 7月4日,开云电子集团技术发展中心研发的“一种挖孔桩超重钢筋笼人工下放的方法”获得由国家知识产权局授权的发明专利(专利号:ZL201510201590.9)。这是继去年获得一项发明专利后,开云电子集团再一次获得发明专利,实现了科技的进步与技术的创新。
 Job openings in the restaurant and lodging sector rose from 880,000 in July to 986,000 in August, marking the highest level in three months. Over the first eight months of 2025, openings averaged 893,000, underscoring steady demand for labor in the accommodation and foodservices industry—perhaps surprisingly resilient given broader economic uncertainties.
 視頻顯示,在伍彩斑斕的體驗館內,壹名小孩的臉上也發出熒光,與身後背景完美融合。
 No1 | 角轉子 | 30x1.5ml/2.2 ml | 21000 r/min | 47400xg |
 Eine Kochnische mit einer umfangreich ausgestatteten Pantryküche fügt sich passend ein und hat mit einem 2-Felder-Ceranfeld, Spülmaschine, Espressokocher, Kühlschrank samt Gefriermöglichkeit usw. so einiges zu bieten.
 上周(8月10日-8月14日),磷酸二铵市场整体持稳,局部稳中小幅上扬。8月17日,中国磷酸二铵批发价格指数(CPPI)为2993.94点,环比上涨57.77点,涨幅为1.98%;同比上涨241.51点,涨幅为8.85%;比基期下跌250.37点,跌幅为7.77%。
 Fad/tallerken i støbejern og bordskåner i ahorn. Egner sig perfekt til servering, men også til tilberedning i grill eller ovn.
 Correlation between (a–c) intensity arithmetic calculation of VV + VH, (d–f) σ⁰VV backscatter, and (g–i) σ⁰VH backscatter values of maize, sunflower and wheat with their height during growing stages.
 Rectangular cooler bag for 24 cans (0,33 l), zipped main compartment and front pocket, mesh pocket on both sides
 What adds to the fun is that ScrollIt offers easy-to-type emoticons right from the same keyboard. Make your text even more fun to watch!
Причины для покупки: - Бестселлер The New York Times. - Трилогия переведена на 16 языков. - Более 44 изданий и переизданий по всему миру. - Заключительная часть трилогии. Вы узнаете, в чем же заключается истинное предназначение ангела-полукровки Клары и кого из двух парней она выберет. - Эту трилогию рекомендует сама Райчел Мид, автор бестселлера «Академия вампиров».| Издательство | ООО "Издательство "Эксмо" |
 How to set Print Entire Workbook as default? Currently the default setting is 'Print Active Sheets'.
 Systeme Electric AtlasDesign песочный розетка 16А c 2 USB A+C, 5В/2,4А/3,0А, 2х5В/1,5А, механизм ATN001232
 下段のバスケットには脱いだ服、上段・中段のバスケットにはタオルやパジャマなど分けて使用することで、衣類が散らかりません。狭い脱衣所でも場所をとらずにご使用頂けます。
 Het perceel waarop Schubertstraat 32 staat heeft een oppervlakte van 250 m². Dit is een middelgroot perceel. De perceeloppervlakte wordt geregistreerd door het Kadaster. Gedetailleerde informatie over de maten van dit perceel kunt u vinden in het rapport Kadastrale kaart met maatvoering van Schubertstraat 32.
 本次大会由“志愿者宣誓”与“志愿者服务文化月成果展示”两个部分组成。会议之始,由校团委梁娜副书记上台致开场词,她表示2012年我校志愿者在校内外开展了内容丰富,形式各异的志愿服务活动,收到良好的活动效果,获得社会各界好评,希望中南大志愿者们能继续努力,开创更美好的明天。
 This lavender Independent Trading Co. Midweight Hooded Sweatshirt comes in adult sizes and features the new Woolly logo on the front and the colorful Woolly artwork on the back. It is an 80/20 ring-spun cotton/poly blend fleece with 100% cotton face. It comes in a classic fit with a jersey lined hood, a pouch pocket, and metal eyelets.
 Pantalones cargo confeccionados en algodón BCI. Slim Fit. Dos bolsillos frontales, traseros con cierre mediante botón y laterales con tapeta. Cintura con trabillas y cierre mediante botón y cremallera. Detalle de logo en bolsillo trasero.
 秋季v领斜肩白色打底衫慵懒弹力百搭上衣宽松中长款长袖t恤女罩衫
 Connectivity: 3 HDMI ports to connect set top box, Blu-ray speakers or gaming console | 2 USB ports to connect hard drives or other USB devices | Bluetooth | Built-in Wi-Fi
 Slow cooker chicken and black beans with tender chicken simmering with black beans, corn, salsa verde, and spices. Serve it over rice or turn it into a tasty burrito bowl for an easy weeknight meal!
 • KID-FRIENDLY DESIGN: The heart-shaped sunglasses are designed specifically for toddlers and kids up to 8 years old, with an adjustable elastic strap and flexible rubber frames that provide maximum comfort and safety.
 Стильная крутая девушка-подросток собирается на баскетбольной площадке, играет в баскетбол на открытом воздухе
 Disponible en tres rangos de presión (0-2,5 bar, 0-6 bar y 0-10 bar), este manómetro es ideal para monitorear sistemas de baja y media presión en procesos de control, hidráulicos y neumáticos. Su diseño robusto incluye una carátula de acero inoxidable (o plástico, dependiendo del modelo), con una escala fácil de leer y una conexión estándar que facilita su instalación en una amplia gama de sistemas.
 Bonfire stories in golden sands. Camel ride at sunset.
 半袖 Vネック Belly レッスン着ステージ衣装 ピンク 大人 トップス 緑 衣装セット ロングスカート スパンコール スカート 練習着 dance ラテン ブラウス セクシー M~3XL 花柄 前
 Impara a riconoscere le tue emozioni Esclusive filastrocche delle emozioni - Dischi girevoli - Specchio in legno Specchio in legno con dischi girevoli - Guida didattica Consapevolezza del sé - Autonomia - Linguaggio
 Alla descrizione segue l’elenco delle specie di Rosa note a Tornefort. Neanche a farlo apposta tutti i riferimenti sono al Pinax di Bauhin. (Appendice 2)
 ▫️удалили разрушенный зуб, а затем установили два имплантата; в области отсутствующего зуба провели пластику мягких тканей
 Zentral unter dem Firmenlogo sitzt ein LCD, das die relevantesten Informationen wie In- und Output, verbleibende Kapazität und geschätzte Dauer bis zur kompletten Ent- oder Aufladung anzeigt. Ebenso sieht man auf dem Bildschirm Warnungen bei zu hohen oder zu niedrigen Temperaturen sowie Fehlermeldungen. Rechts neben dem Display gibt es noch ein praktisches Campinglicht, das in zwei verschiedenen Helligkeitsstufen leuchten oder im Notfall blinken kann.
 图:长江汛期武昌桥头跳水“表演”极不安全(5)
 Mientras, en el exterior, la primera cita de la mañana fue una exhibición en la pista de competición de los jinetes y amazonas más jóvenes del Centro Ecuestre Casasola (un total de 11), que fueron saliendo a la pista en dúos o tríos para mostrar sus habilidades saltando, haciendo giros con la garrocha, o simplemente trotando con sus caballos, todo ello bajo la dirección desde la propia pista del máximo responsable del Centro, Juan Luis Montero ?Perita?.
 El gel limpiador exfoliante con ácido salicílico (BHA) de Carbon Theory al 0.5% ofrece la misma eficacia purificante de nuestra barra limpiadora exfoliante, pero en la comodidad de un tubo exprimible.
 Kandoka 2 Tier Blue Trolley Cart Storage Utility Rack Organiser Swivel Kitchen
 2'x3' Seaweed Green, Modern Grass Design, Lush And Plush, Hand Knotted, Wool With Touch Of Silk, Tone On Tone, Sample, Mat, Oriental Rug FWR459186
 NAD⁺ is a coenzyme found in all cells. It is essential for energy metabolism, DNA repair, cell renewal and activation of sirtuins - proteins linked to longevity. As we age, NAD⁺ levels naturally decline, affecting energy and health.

(YOUR INSTRUCTIONS):
Search the material for the word "from". Each line where it is found must be copied.

(REPLY):
 Job openings in the restaurant and lodging sector rose from 880,000 in July to 986,000 in August, marking the highest level in three months. Over the first eight months of 2025, openings averaged 893,000, underscoring steady demand for labor in the accommodation and foodservices industry—perhaps surprisingly resilient given broader economic uncertainties.
 What adds to the fun is that ScrollIt offers easy-to-type emoticons right from the same keyboard. Make your text even more fun to watch!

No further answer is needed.